Alerts in VMware Aria Suite Lifecycle about vIDM cluster health with Secondary VMware Identity Manager nodes going 'down' occassionally
search cancel

Alerts in VMware Aria Suite Lifecycle about vIDM cluster health with Secondary VMware Identity Manager nodes going 'down' occassionally

book

Article ID: 322680

calendar_today

Updated On:

Products

VMware Aria Suite

Issue/Introduction

Symptoms:
  • This article applies to VMware Aria Suite Lifecycle 8.14 or later with 'Cluster-Auto-Recovery' enabled for Workspace One Access (VMware Identity Manager vIDM 3.3.x)
image.png
image.png


Environment

VMware Identity Manager 3.3.x

Cause

Replication delays can occur due to underlying network latency.
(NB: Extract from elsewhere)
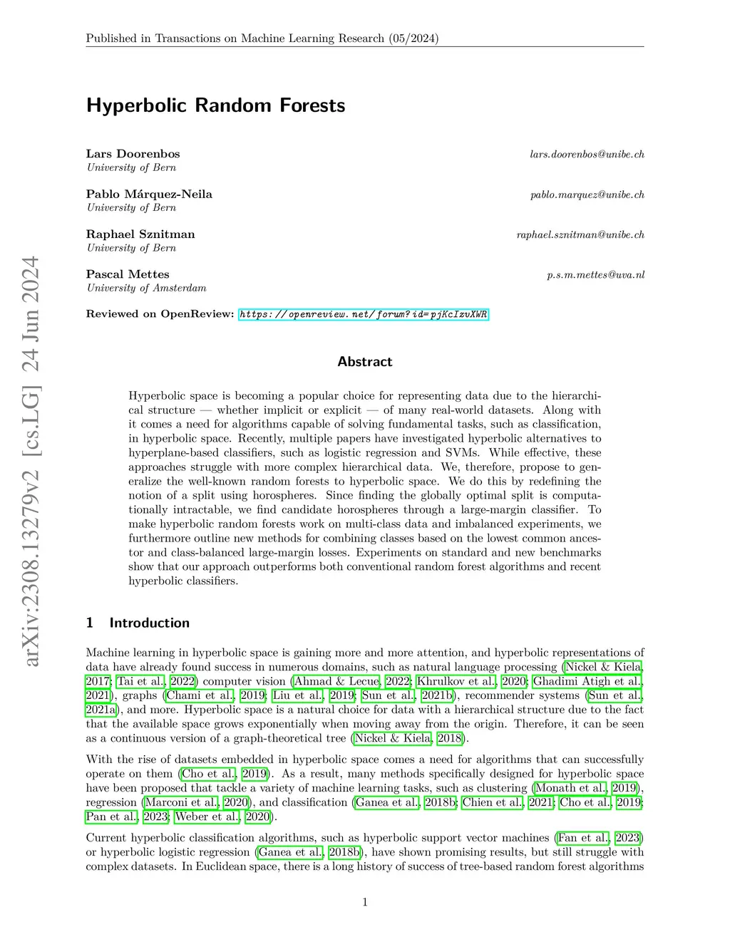 Hyperbolic Random Forests

The VMware Identity Manager cluster auto-recovery service is configured with a default replication delay threshold of 1000 bytes. Beyond this threshold, the auto-recovery will be triggered and the secondary nodes taken 'down' to synchronize their data with the primary.

VMware Aria Suite Lifecycle does an hourly health check on the VMware Identity Manager appliances, and if the replication delays or node 'down' events occur during these health checks, VMware Aria Suite Lifecycle issues a health status notification.

Resolution

To resolve the issue correct the underlying network issue that's causing the replication delays between Identity Manager nodes.

Workaround:

To workaround the issue increase the auto_recovery_replication_delay_threshold setting

1. Find the typical replication delays on this setup:

    cd /var/log/pgService
    zgrep "SECONDARY_1_REPLICATION_DELAY" * | cut -d '=' -f2 | uniq | sort -r | head -n50
    # Similarly for SECONDARY_2
    zgrep "SECONDARY_2_REPLICATION_DELAY" * | cut -d '=' -f2 | uniq | sort -r | head -n50



2. Based on the highest delays reported above, configure the new threshold in /usr/local/etc/lcm-pgpool.conf for example:

    auto_recovery_replication_delay_threshold=10000



3. Perform this change on all the identity manager nodes in the cluster.


Additional Information

Impact/Risks:
Replication delays occur due to a slow underlying network or other unforeseen network characteristics. To alleviate the notification fatigue, We can configure the 'Cluster-Auto-Recovery' to consider a higher threshold for replication delays.